Robin Rubin, the former investment banker, alleged wise sage, Obama advisor, former Goldman Sachs whiz bang, and Clinton's Treasury Secretary, got skewered in a Sunday New York Time's article about the downfall of Citigroup.

According the NYT, it was Rubin who pushed the bank to take on more risk by leveraging up to buy the toxic waste known as CDOs. As with the other financial institutions that have already failed, there was no meaningful risk management and an unbelievable lack of understanding about the risks assumed by what used to be one of the largest financial institutions in the world. After reading this article, you will understand why no one has any confidence left. Two of the individuals who brought Citi down, according to this article, made 20 and 30 million a year. Its chief executive did not even know the amount of the mortgage related assets owned by the bank, 43 billion, until he was told at a meeting in September 2007. What were these people really worth, including Rubin? Why did the CEO first learn about a 43 billion money pit when it was too late to do anything other than twist in the wind? How does someone who does not understand financial instruments like a CDO become head of one of the largest banks in the world? In each case of a financial firms meltdown, the number of people responsible could be counted with the fingers of one hand.

 In every case, these individuals were richly compensated for their incompetence, greed, arrogance and overall lack of knowledge, receiving tens of millions and even hundreds of millions of dollars. Part of their job appeared to be to undermine risk controls. Their penalty has not, and will probably never be, to return one cent of their ill-gotten gains, or to spend time in jail, but simply to find another job to ply their wares. How many people know the name of Thomas Maheras or Randolph Barker of Citigroup? Maybe if you rode the shares down from 55 to 3 you need to read about them in this NYT's article. The article also highlights that Prince, the former CEO, did not have a clue. If you ask me, the issue is not whether Maheras, Barker, Prince and Rubin were overpaid? The answer to that questions is of course they were. The real issue is to assign a value to them below what they were actually paid. I would say, and this is open to debate, that this fearsome foursome had a negative value of about 40 billion as sort of a bare minimum figure.

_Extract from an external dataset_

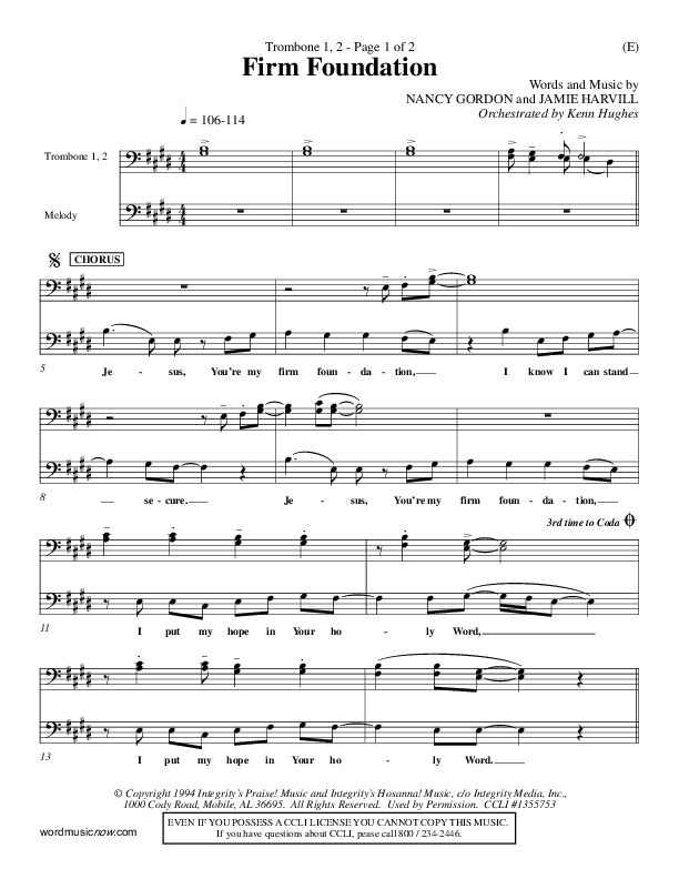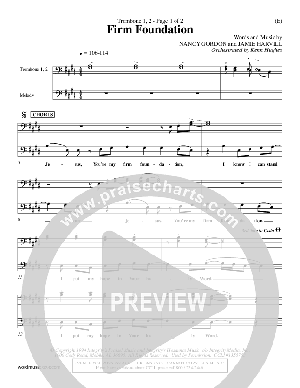 Download the Trombone 1,2 sheet music for Firm Foundation by Jamie Harvill, from the album Word Music Now.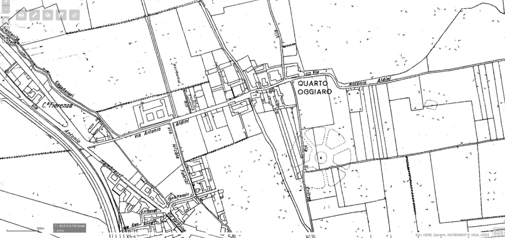 Se la sede del Gruppo era a Musocco, nel vecchio Municipio, dov’era il campo? Il primo risultato ottenuto attraverso i motori di ricerca digitando Loris Socrate porta alla pagina del CDA Villapizzone, dove un vecchio ex giocatore (Franco Colombo) affonda i suoi ricordi nell’anteguerra e cita la rivalità calcistica vissuta negli anni Trenta con squadre della zona, tra cui il Gruppo Loris Socrate. Su una pagina di Skyscrapercity – Milano Sparita è riportato invece un elenco di squadre emanazione dei Gruppi Rionali Fascisti, tra i quali appare un’utile indicazione, che restringe di molto il campo di ricerca: Quarto Oggiaro. L’indicazione è utile sì, ma, per uno standard accettabile di risultato, occorre avere indirizzo, posizione, orientamento e altri elementi univoci di verifica.

When you read all of the articles the NYT has written under the subject "The Reckoning" The New York Timesit is impossible to have any confidence, not even a smidgen, in any of the senior managers of our major financial institutions.  It is just really embarrassing that they are American.  

The WSJ and the NYT are both reporting tonight that the U.S. is engaged in yet another salvage deal, trying to save Citigroup before its failure causes a worldwide meltdown. The plan appears to be to create a bad bank out of this bad bank to hold the bad assets, like 50 billion of the trash and have the U.S. assume losses above a certain Citigroup My first suggestion is to first take it out of the hide of the Citi employees who were paid tens of millions each year to create this latest fiasco. I would hope Rubin would be fired along with any senior manager that came close to being responsible for this mess. The NYT article points out the culpability of the Board of Directors who should likewise be removed. Will any of that happen, probably not. Only those who did not receive anything will be punished. The people that caused the near collapse will keep their compensation for destroying the bank, the Board who authorized the leverage and risk taking will still be in charge, Rubin who facilitated the problems will remain, and the taxpayers will pick up the bill.